Therefore, with continued reference to FIG. 2, the developers have developed methods and system described herein that are directed to using a specifically trained machine-learning algorithm (MLA), that is, a natural language processing model (NLPM) 212, for generating, based on the respective textual inputs, text suggests taking into account an application to which the textual inputs are being made. In other words, according to certain non-limiting embodiments of the present technology, the NLPM 212 can be trained to generate, for the given textual input 306, different suggests depending on an application to which the given textual input is being made. By doing so, the user 210 can be provided with more relevant suggests that would more closely correspond to their intent for each one of the plurality of applications of the electronic device 204. This may help improve user experience of the user 216 with the applications and electronic device 204, in general.

In some non-limiting embodiments of the present technology, the NLPM 212 can be implemented based on a Neural Network (NN). For example, in some non-limiting embodiments of the present technology, the NN can comprise a Long Short-Term memory (LSTM) NN. In other non-limiting embodiments of the present technology, the NN can comprise a recurrent neural network (RNN). In yet other non-limiting embodiments of the present technology, the NN can comprise Receptance Weighted Key Value (RWKV) NN. It should be noted that the NLPM 212 can be trained in a supervised or unsupervised manner without departing from the scope of the present technology.

According to certain non-limiting embodiments of the present technology, there can be two distinct processes executed with respect to the NLPM 212. A first process is a training process, during which the NLPM 212 is trained to generate the suggest based on various training user inputs. A second process is an in-use process, during which the NLPM 212 is used for generating in-use user suggests in response to in-use textual inputs, such as the given textual input 306. According to certain non-limiting embodiments of the present technology, the training process can be executed by the server 202, which can further be configured to transmit the trained NLPM 212 to the electronic device 204 for using the NLPM 212 for generating the in-use suggests. However, in some non-limiting embodiments of the present technology, both the training and in-use processes can be executed by the electronic device 204.
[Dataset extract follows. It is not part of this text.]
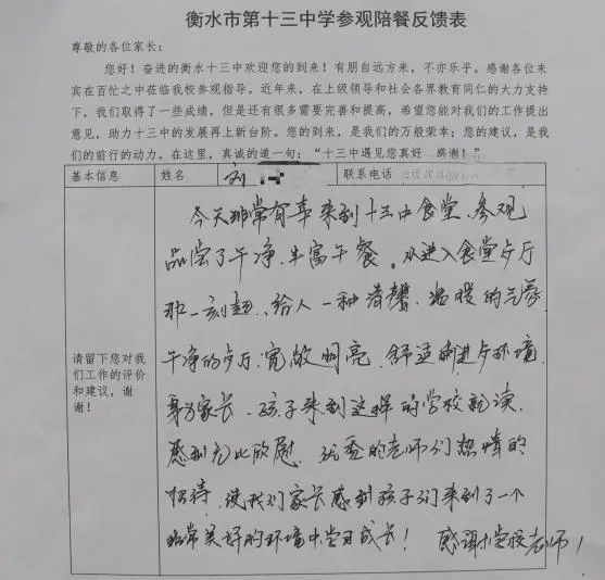 此外,家長們還品嘗了學(xué)校的餐食,從色香味俱佳的菜肴中,他們更加感受到學(xué)校對(duì)孩子們飲食健康的重視。大家填寫了《反饋表》,紛紛表示對(duì)學(xué)校的教育教學(xué)工作和后勤保障工作給予了高度評(píng)價(jià),并期待未來能有更多機(jī)會(huì)參與學(xué)校的各項(xiàng)活動(dòng)。
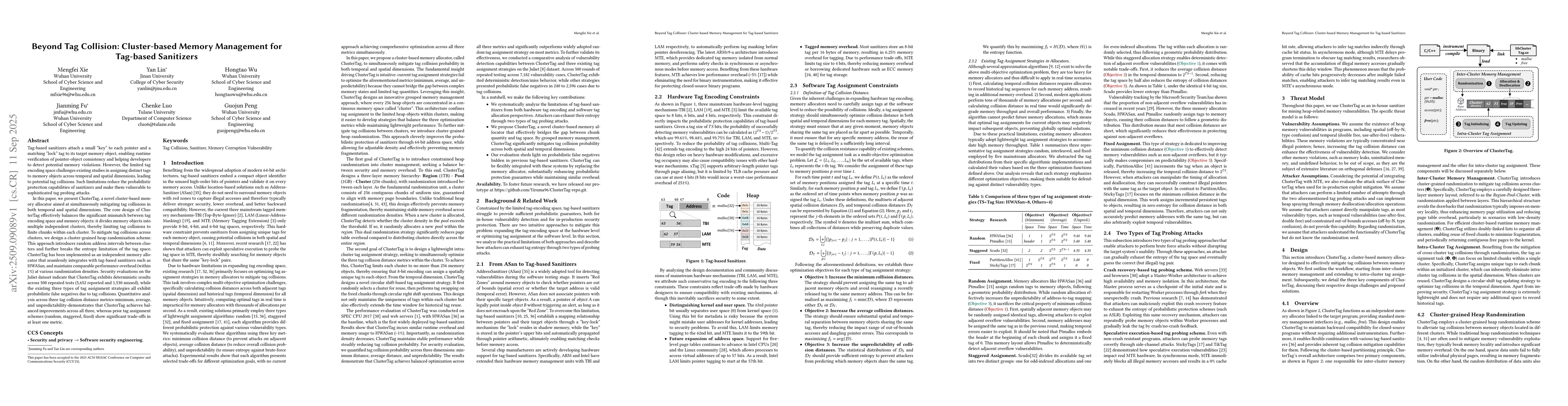 Tag-based sanitizers attach a small "key" to each pointer and a matching "lock" tag to its target memory object, enabling runtime verification of pointer-object consistency and helping developers to detect potential memory violations. However, the limited tag encoding space challenges existing studies in assigning distinct tags to memory objects across temporal and spatial dimensions, leading to potential tag collisions. In this paper, we present ClusterTag, a novel cluster-based memory allocator aimed at simultaneously mitigating tag collisions in both temporal and spatial dimensions. The core design of ClusterTag effectively balances the significant mismatch between tag encoding space and memory objects: it divides memory objects into multiple independent clusters, thereby limiting tag collisions to finite chunks within each cluster. To mitigate tag collisions across clusters, we design a cluster-grained heap randomization scheme. This approach introduces random address intervals between clusters and further breaks the entropy limitation of the tag space. ClusterTag has been implemented as an independent memory allocator that seamlessly integrates with tag-based sanitizers such as HWASan, and maintains comparable performance overhead (within 1%) at various randomization densities. Security evaluations on the Juliet dataset indicate that ClusterTag exhibits deterministic results across 500 repeated tests (5,652 reported and 1,530 missed), while the existing three types of tag assignment strategies all exhibit probabilistic false negatives due to tag collisions. Quantitative analysis across three tag collision distance metrics-minimum, average, and unpredictability-demonstrates that ClusterTag achieves balanced improvements across all three, whereas prior tag assignment schemes (random, staggered, fixed) show significant trade-offs in at least one metric.

Example implementation, the training process, and the in-use process of the NLPM 212, according to certain non-limiting embodiments of the present technology, will now be described.

Communication Network

In some non-limiting embodiments of the present technology, the communication network 208 is the Internet. In alternative non-limiting embodiments of the present technology, the communication network 208 can be implemented as any suitable local area network (LAN), wide area network (WAN), a private communication network, or the like. It should be expressly understood that implementations for the communication network are for illustration purposes only. How a respective communication link (not separately numbered) between each one of the electronic device 204, the server 202 and the communication network 208 is implemented will depend, inter alia, on how each one of electronic device 204, and the server 202 is implemented. Merely as an example and not as a limitation, in those embodiments of the present technology where the electronic device 204 is implemented as a wireless communication device such as the smartphone, the communication link can be implemented as a wireless communication link. Examples of wireless communication links include, but are not limited to, a 3G communication network link, a 4G communication network link, and the like. The communication network 208 may also use a wireless connection with the server 202 and the electronic device 204.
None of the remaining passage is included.